ASSIGNED TASK -> Output exactly, and only, the lines below from the one with "2021下册七年级数学人教版 第九章 考点过关综合突破卷" down to the one with "#182 Archie Bradley". Include both end lines and no pictures.

RECORDS ->
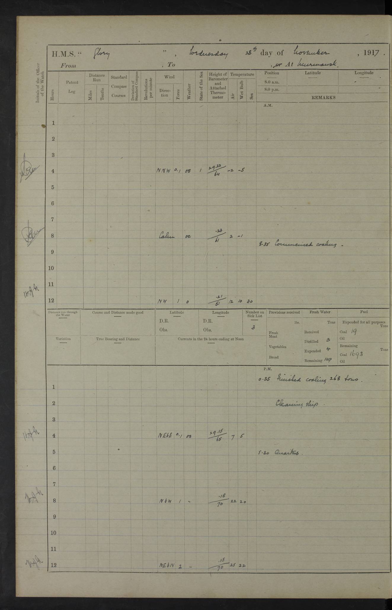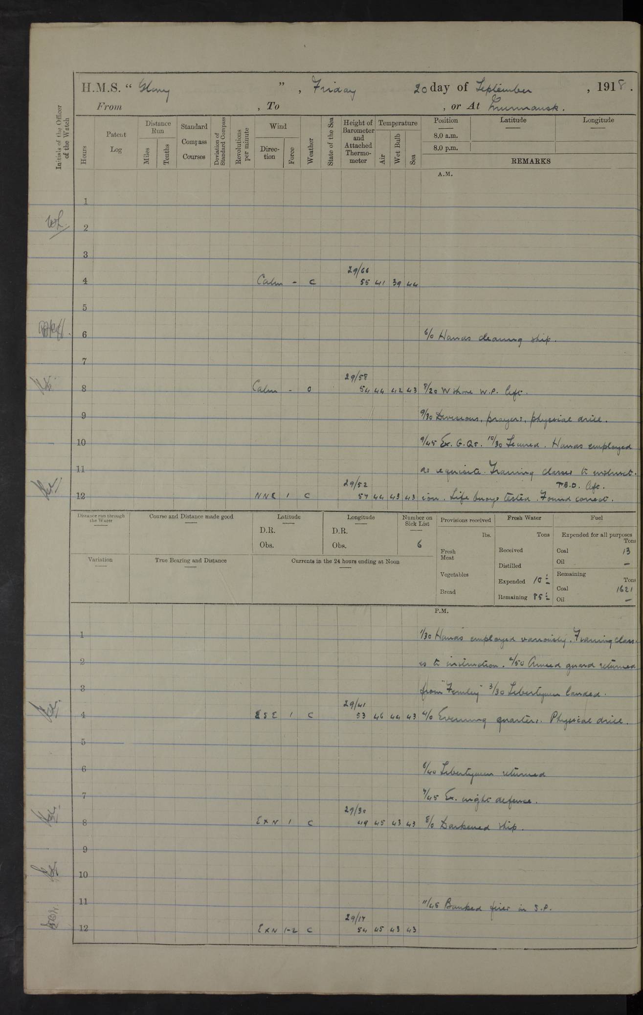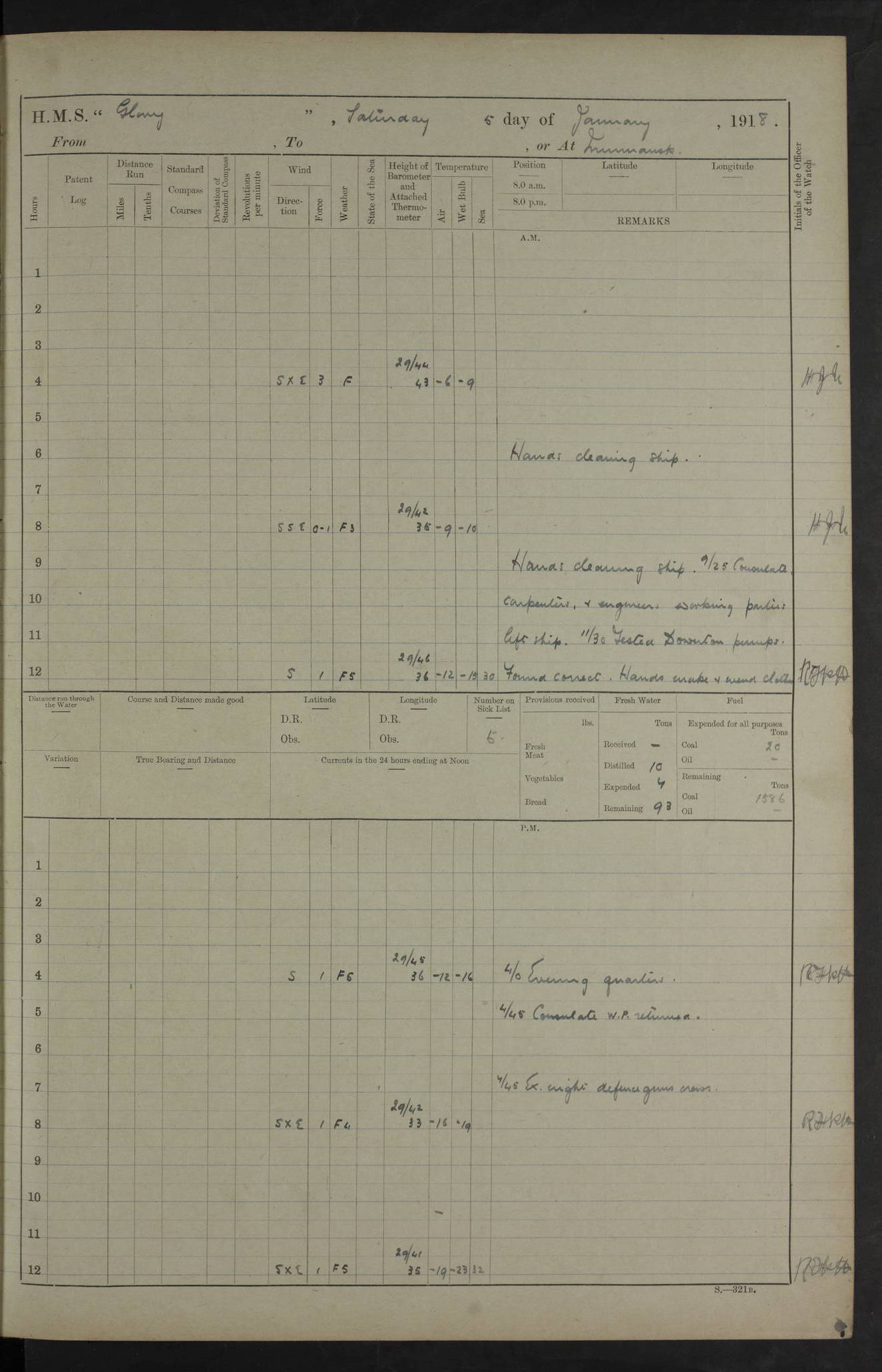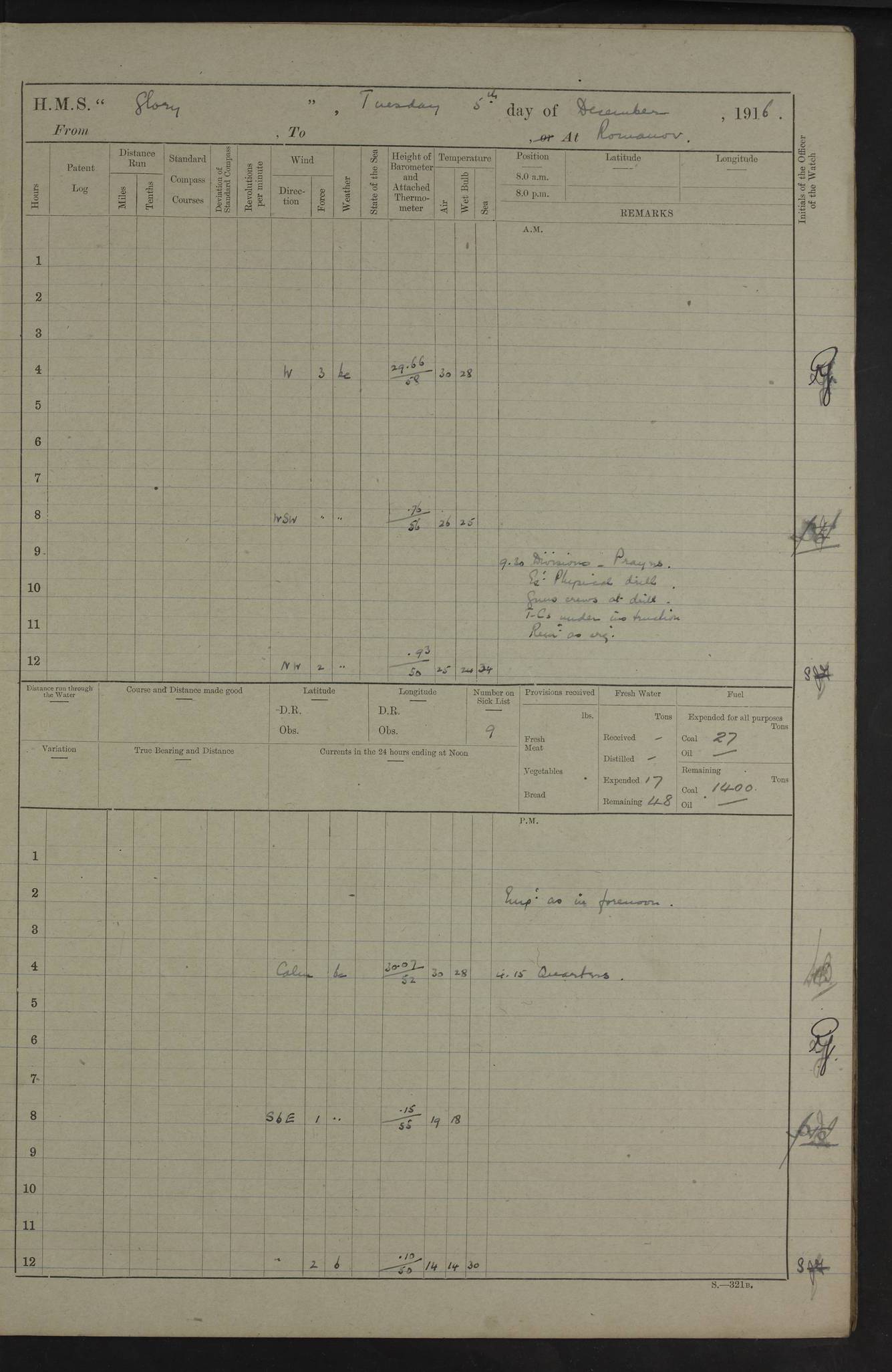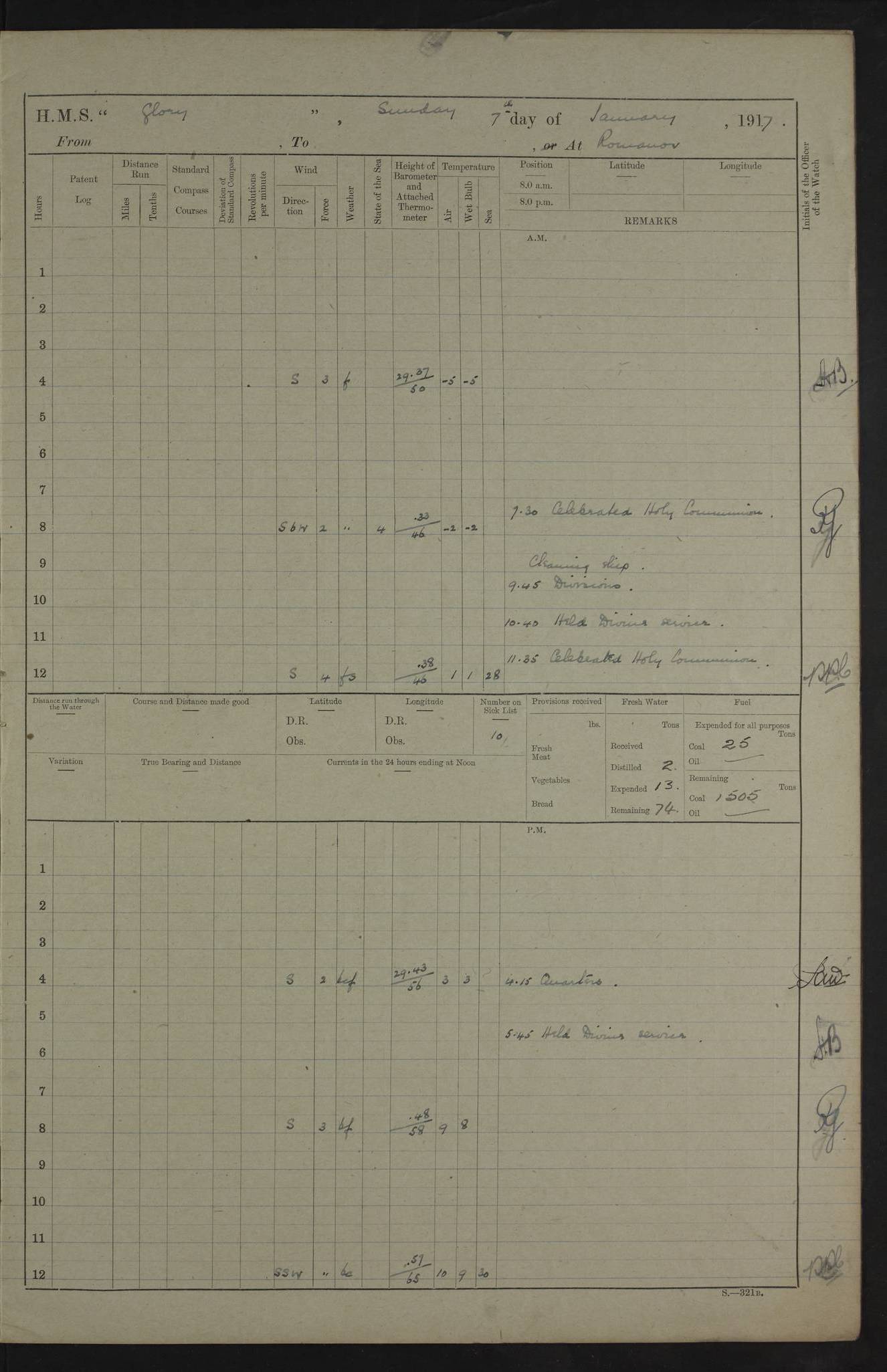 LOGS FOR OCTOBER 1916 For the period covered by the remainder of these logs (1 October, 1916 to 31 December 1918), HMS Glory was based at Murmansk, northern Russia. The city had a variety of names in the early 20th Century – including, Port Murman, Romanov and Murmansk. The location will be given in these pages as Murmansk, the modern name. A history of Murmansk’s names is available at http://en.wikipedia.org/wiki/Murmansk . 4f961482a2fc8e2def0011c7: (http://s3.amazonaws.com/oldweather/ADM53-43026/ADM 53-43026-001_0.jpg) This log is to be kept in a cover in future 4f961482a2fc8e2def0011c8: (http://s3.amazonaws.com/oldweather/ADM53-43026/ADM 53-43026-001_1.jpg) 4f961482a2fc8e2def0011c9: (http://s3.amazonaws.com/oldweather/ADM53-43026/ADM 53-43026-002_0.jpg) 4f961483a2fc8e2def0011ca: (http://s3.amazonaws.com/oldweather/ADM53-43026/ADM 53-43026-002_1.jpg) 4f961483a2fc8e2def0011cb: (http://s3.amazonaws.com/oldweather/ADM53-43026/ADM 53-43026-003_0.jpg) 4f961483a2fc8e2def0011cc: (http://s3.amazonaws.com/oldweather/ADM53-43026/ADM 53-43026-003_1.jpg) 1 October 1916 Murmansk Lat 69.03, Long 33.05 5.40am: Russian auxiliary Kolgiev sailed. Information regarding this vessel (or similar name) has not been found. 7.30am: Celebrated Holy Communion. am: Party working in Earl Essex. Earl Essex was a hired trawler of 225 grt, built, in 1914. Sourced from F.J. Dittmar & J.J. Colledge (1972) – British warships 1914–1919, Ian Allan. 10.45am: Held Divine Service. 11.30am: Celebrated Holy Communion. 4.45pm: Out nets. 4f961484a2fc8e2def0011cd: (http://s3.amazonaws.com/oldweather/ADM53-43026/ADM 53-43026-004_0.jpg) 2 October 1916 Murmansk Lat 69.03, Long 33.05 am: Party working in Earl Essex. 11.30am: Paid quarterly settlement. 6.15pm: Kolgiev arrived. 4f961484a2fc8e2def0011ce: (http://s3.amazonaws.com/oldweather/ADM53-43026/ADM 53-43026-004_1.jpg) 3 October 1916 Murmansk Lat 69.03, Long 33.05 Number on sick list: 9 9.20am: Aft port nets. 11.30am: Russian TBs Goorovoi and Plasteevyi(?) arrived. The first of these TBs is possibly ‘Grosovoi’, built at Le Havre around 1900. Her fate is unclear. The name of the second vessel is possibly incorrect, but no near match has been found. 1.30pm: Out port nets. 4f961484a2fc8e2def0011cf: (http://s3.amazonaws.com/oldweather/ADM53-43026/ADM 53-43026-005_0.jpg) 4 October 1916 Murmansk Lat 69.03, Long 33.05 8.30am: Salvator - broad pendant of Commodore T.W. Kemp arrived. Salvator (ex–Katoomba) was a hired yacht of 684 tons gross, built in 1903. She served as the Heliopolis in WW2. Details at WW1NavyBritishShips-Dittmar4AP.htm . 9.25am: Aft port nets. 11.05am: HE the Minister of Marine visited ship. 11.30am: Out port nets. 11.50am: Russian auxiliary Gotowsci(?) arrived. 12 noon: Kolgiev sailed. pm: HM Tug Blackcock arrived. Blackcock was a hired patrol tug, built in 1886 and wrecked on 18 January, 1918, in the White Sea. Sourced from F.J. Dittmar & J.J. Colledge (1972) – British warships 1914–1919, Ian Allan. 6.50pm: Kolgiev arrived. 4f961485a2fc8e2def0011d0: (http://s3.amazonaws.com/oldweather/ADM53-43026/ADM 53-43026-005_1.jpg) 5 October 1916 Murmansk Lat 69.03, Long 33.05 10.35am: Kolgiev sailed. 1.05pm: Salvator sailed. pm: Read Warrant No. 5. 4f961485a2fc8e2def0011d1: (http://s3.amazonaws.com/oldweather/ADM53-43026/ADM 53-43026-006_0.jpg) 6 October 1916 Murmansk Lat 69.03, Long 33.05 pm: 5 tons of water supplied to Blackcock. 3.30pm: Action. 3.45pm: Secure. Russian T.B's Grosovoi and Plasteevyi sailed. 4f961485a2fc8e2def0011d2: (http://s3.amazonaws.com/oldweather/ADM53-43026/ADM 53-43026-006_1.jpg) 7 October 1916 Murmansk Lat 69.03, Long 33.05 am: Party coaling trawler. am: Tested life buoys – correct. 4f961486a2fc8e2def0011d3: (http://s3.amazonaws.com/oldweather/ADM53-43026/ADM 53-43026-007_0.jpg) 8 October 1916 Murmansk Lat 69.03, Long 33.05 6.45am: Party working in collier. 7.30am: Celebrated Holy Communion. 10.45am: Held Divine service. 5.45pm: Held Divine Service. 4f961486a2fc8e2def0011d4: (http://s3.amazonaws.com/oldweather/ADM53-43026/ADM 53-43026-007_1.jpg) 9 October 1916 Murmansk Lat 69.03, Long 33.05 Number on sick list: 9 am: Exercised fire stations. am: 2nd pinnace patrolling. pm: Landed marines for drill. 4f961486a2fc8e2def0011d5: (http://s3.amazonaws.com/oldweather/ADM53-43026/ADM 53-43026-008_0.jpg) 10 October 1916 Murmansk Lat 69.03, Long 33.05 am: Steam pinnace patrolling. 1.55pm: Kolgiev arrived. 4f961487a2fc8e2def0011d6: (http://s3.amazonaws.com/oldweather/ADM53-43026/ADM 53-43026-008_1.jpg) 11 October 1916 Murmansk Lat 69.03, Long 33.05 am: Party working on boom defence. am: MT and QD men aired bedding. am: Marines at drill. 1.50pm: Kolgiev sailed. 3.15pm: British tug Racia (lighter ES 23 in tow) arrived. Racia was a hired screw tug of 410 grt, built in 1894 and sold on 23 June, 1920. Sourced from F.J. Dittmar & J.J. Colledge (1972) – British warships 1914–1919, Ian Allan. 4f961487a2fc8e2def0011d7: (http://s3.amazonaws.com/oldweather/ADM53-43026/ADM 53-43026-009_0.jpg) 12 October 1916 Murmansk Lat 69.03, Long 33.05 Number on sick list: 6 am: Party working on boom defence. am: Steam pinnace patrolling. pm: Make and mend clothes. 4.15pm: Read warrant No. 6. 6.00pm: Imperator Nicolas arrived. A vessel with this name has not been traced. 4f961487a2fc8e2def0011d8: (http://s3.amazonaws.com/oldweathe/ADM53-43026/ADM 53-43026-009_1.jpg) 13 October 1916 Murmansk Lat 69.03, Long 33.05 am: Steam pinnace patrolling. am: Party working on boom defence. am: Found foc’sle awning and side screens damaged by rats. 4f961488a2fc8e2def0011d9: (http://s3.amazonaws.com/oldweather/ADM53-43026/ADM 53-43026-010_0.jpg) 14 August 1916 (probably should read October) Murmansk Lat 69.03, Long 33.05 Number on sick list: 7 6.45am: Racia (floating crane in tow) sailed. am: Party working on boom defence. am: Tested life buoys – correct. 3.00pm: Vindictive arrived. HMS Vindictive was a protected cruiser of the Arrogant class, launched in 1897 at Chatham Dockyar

...

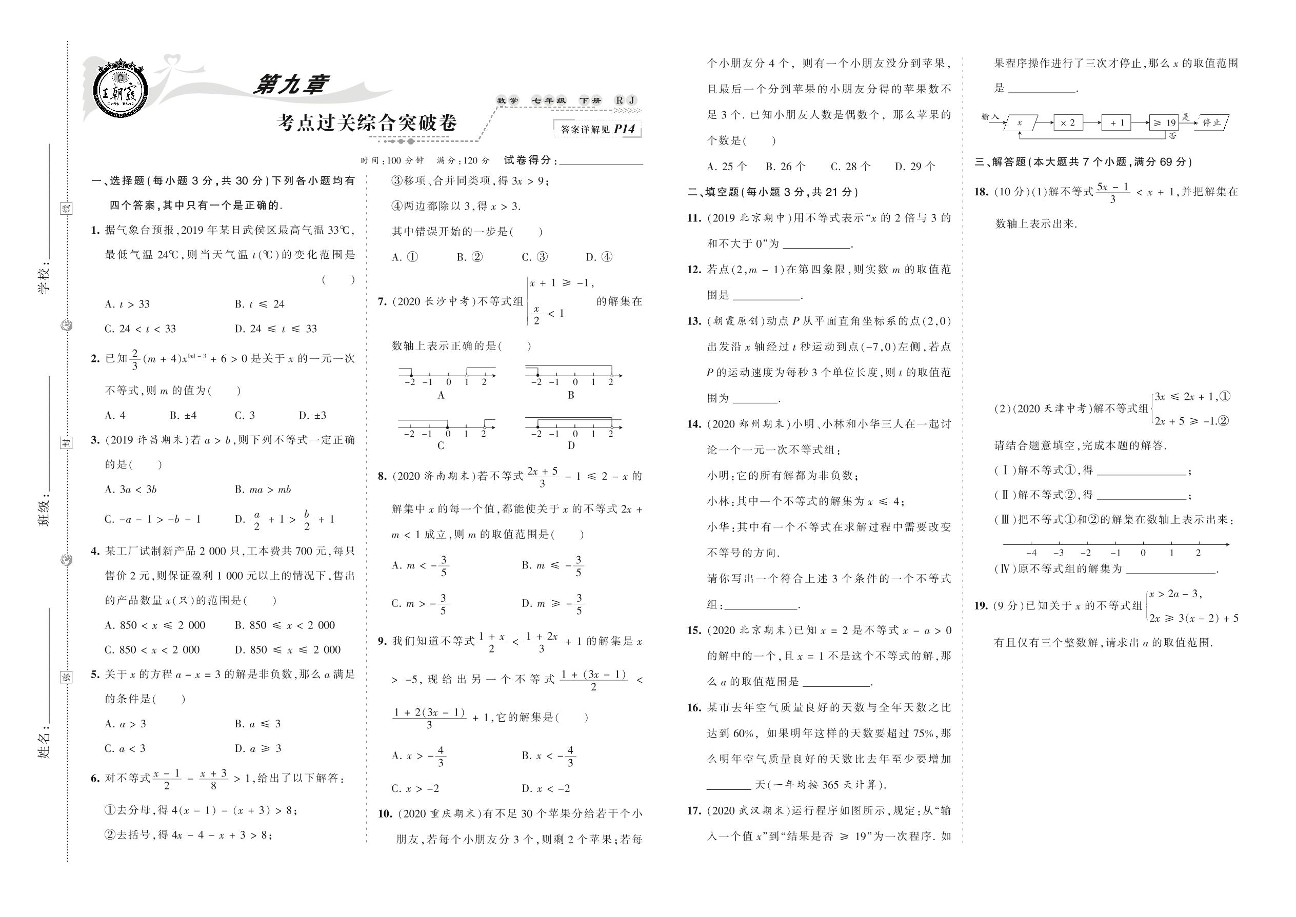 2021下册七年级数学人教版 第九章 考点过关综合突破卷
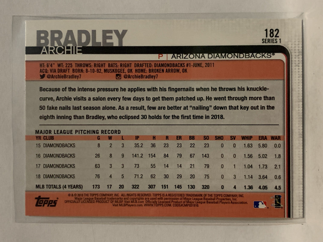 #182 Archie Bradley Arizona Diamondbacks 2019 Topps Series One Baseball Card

---

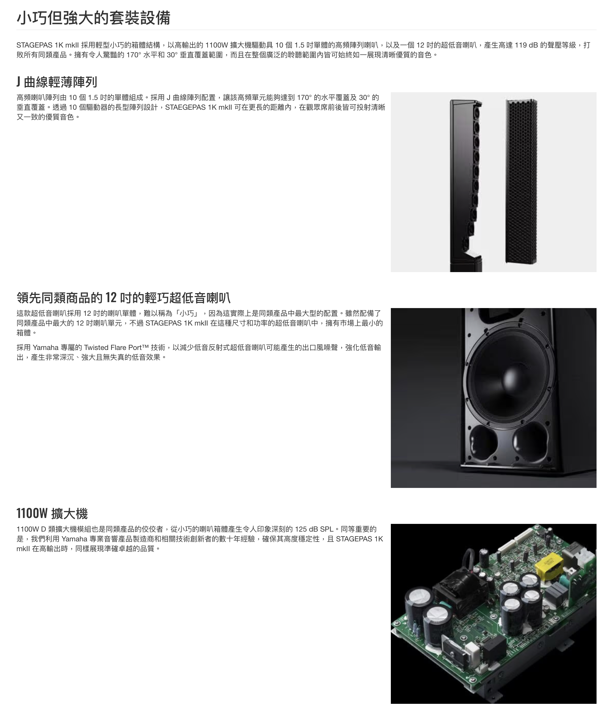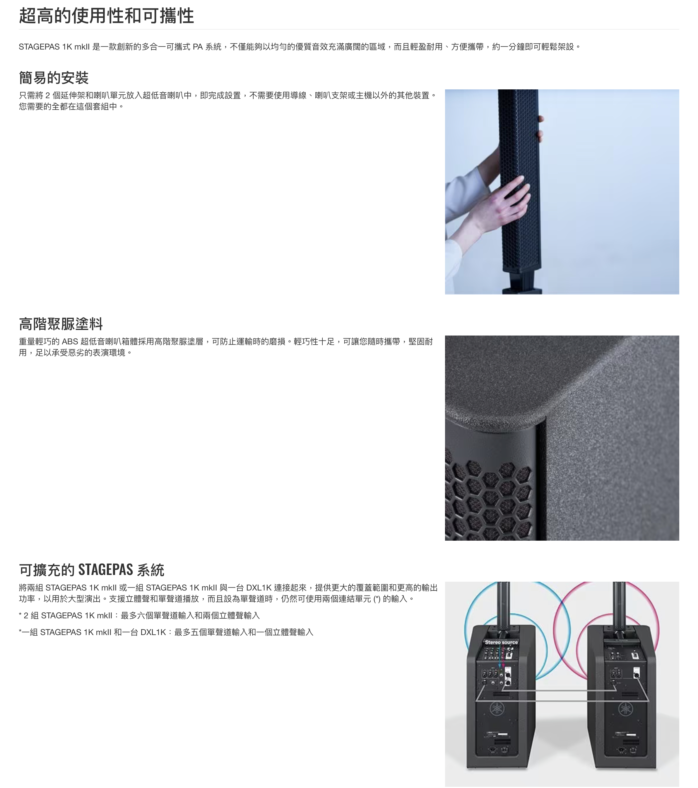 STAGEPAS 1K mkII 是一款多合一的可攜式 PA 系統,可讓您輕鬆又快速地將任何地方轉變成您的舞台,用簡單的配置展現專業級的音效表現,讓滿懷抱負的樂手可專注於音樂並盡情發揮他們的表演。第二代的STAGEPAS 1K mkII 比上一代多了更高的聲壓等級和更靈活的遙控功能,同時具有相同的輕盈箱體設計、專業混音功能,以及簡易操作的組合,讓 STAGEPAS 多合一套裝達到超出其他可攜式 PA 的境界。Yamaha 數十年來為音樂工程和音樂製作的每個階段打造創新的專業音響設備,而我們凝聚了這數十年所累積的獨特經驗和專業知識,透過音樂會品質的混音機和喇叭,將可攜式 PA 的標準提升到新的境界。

OUTPUT BELOW ->
 2021下册七年级数学人教版 第九章 考点过关综合突破卷
 #182 Archie Bradley Arizona Diamondbacks 2019 Topps Series One Baseball Card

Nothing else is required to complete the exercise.